Canada: High Times Ahead: How Is The Impending Legalization Of Cannabis Impacting Physicians?

Last Updated: November 7 2017
Article by Nathaniel Brenneis

On April 13, 2017, the Federal Government finally released Bill C-45, or the "Cannabis Act," to considerable fanfare and buzz.  What Bill C-45 proposes is a regulatory framework legalizing cannabis for recreational purposes in Canada.  The Federal Government has indicated that it expects Bill C-45 to receive Royal Assent no later than July 2018 Researchers, entrepreneurs, and policy-makers across Canada are scrambling to prepare for how this new law will impact the country.

What's in the Bill?

Bill C-45 generally adheres to the recommendations the Task Force on Cannabis Legalization and Regulation (the "Task Force") published in its final report in December 2016.  The predominant theme of Bill C-45 is to promote and protect public health and safety, prevent youth from accessing cannabis, and deter cannabis-related criminal activity.

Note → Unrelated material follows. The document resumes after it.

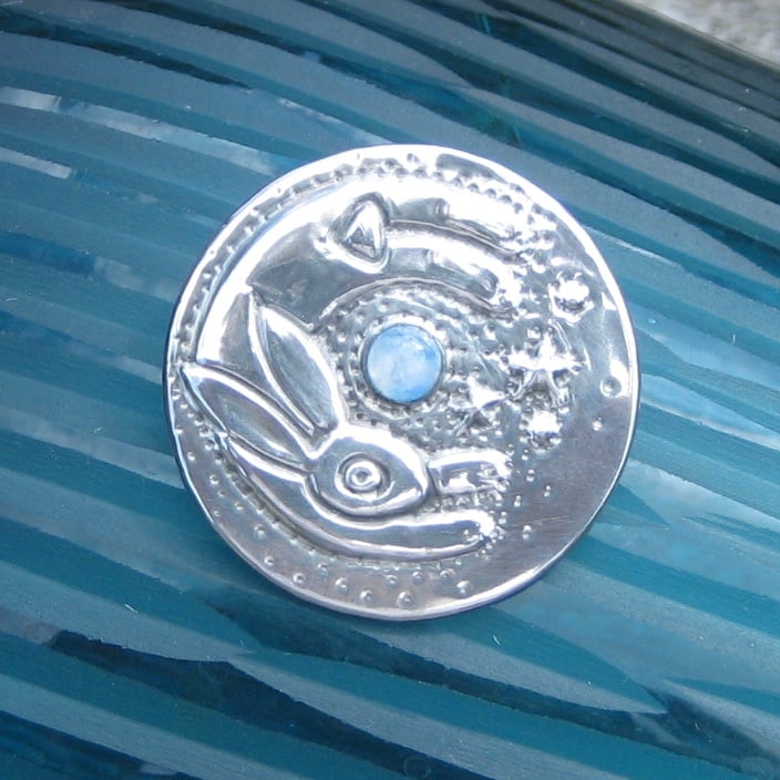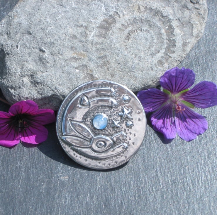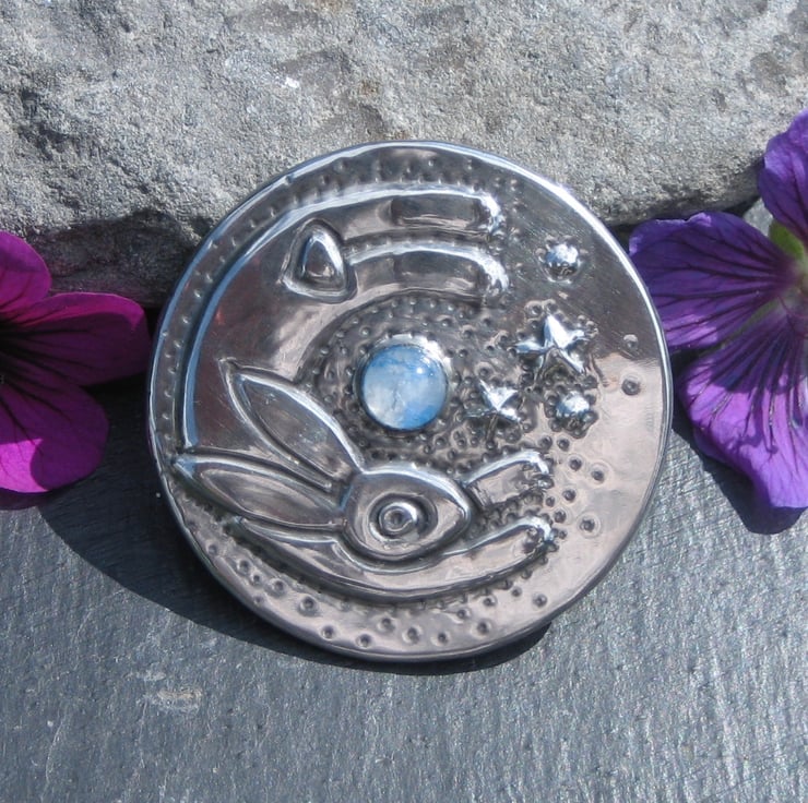 Hare brooch with rainbow moonstone handmade in silver pewter. I have made this brooch by hand to my own original design from modern lead-free pewter, and set it with a beautiful rainbow moonstone, which has been enhanced with a backing of blue foil.

Some highlights of the legislation include:

  • A prohibition on selling cannabis to any person under the age of 18;
  • Adults will be permitted to possess up to 30 grams of dried cannabis in a public place;
  • Adults will also be permitted to cultivate up to four of their own cannabis plants per residence;
  • The sale of cannabis in a variety of different forms including dried cannabis, cannabis oils, fresh cannabis, cannabis plants and cannabis plant seeds.  Cannabis edibles are currently prohibited, but have been flagged for regulation; and
  • Licenced cannabis producers under the current medical marijuana regime will be automatically grandfathered in as licensees under Bill C-45.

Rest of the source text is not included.